I heard from several people off list, and from both the M_L and Evansville
lists.

5 hits of the kind I was asking about, reported in an aggregate of 240 years
of experience in the posts I've seen so far.

Often when business data gets corrupted we really do not know what caused it
& focus on fixing it.  Several people knew precisely what had caused data on
a 400 to become corrupted, such as a lightning strike, power outage with no
UPS in which it is remarkable that they recovered all the lost business data,
and several people reported hits where they did not nail down the cause.

When I mentioned "software bugs" I was not referring to who made the mistake
- programmer at IBM customer site, consultant, or original vendor of the
software (I have seen all 3), but I had not considered possibility of a bug
in an OS release, prior to it being found & fixed.  I must say that IBM fixes
bugs in releases extremely fast compared to everyone else finding & fixing
their bugs.

Yes, I have seen cross-linked files, but that was application management
error.

I am familiar with runaway conditions testing a program that turned out to
have a loop, and mountain of error messages from a flaky connection where
perhaps no one monitoring QSYSMSG or QSYSOPR.

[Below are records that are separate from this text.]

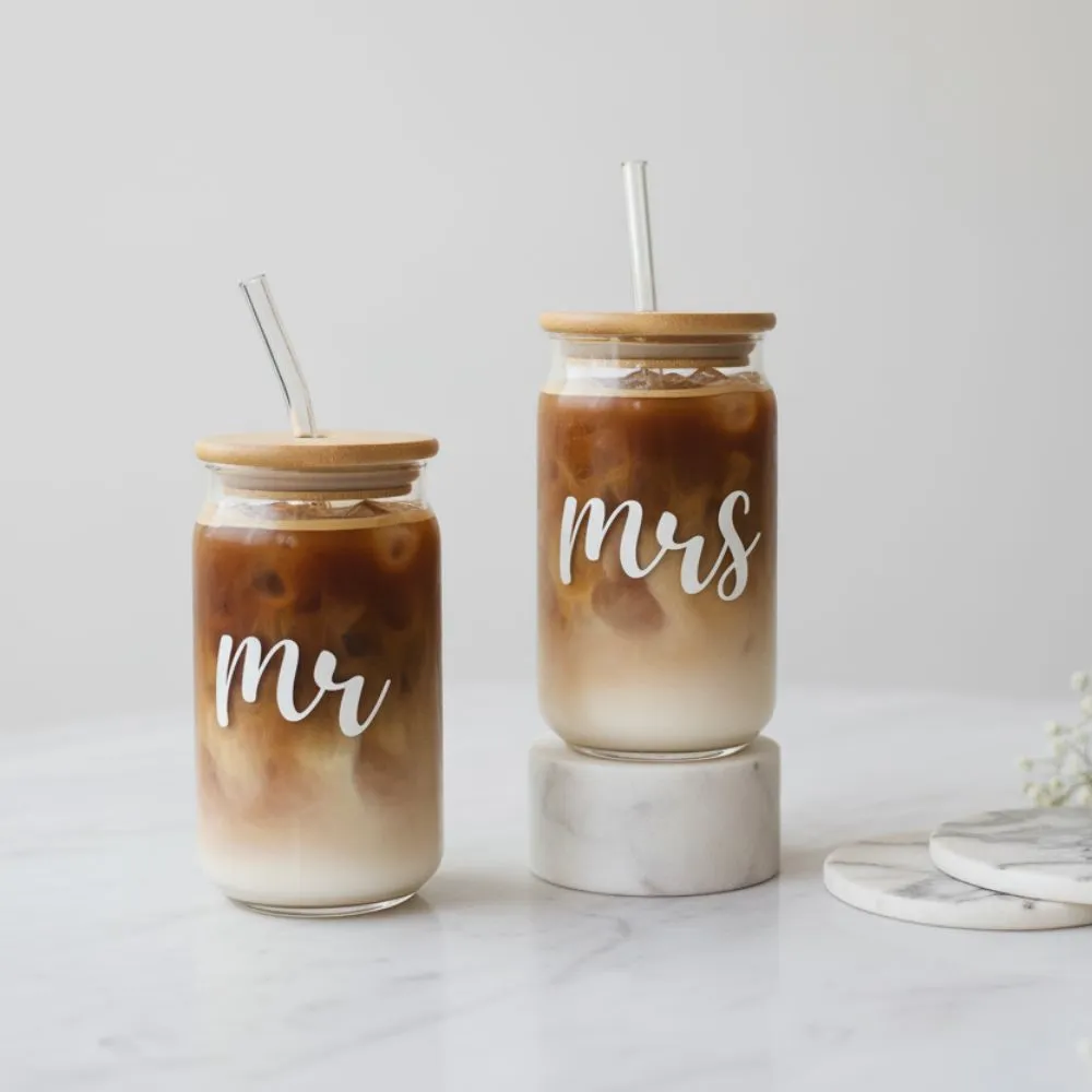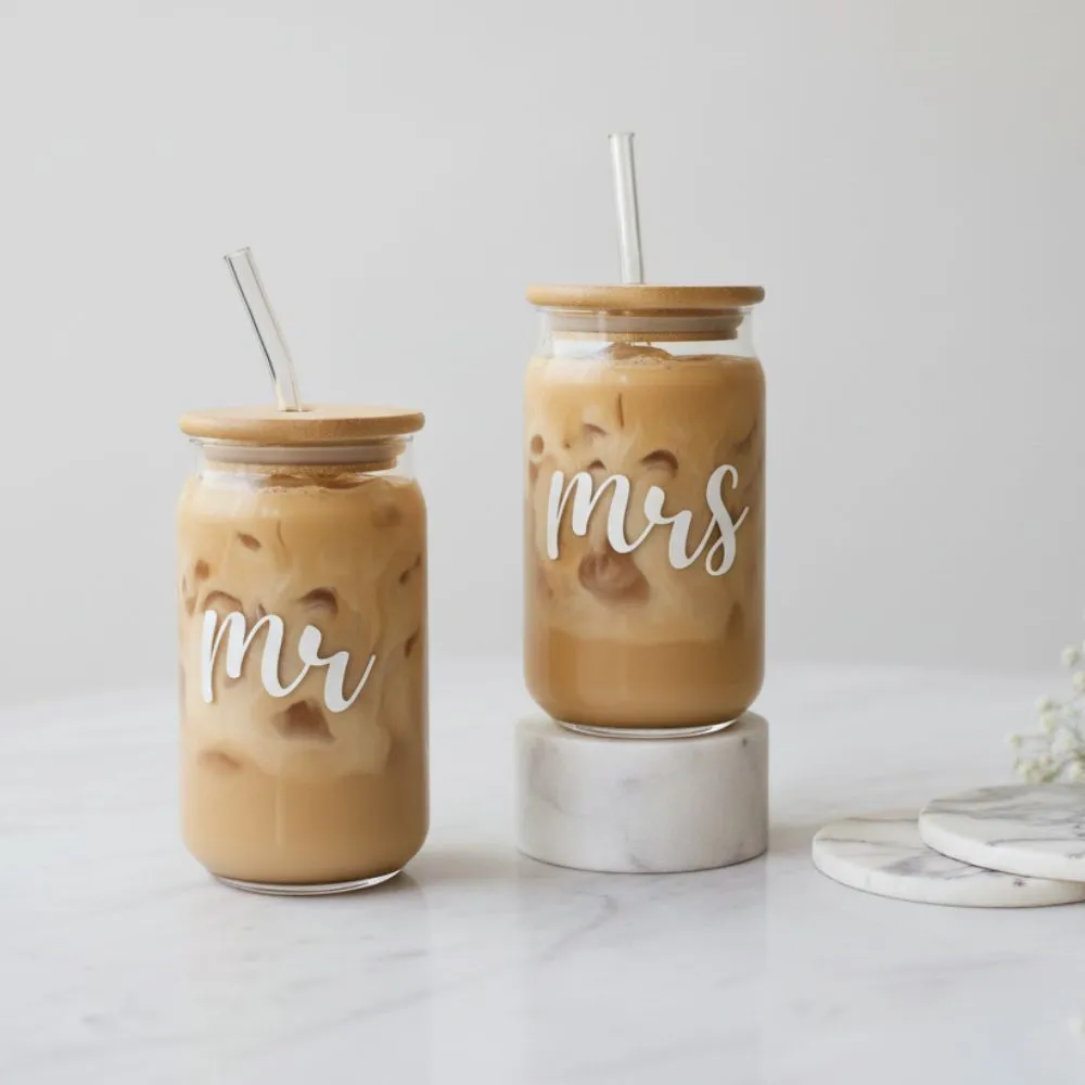Mr and Mrs Glass Tumbler Set with Lid and Straw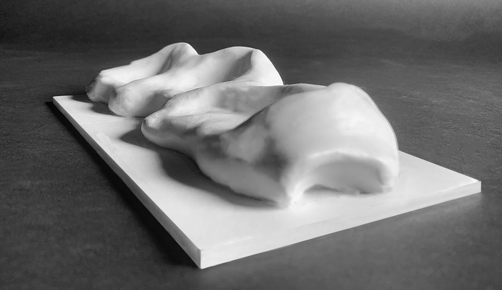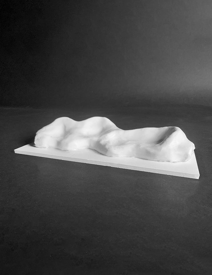 The nodes from the interference pattern create high points, which are carved away to define space for inhabiting the seating device.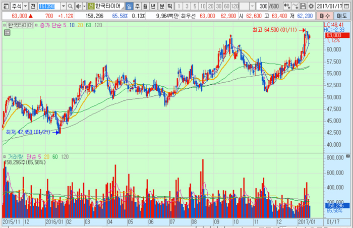 한국타이어의 주가는 17일 종가 6만3000원으로 2016년 1월 21일의 4만2450원에 비해 48.4% 상승한 수준에서 거래되고 있다.

In the non-standards world of confusion about what is proprietary & what is
open, the OS can get blamed for what might be a conflict with 3rd party
software mods to the OS reality, that I think the OS should not permit.  This
is something that seems much more prevalent in the Microsoft world than in
computers from companies that came from mainframe & mini & midrange, like IBM
& the 7 dwarves.

However it was interesting to hear from people with first hand experience that
Linux on PCs is very stable compared to the standard OS of PC & Mac.
One contact recently had some Oracle training in which learning how to
recover from corrupted data bases is part of that job.

In 1984 I was working at a place that had put something called RPL (I think)
on an IBM Series/1 which was like MAPICS in that everything was accessed by
address chains & if you had a disruption, the chains could get broken, and
you could not reconstruct your data.  When there was a weather front, it was
like pulling the plug on the remote users who were linked by a non-standard
(wire your own) ma bell connection.  That was the employer that went
bankrupt.  They knew enough to keep the mission critical stuff on S/34.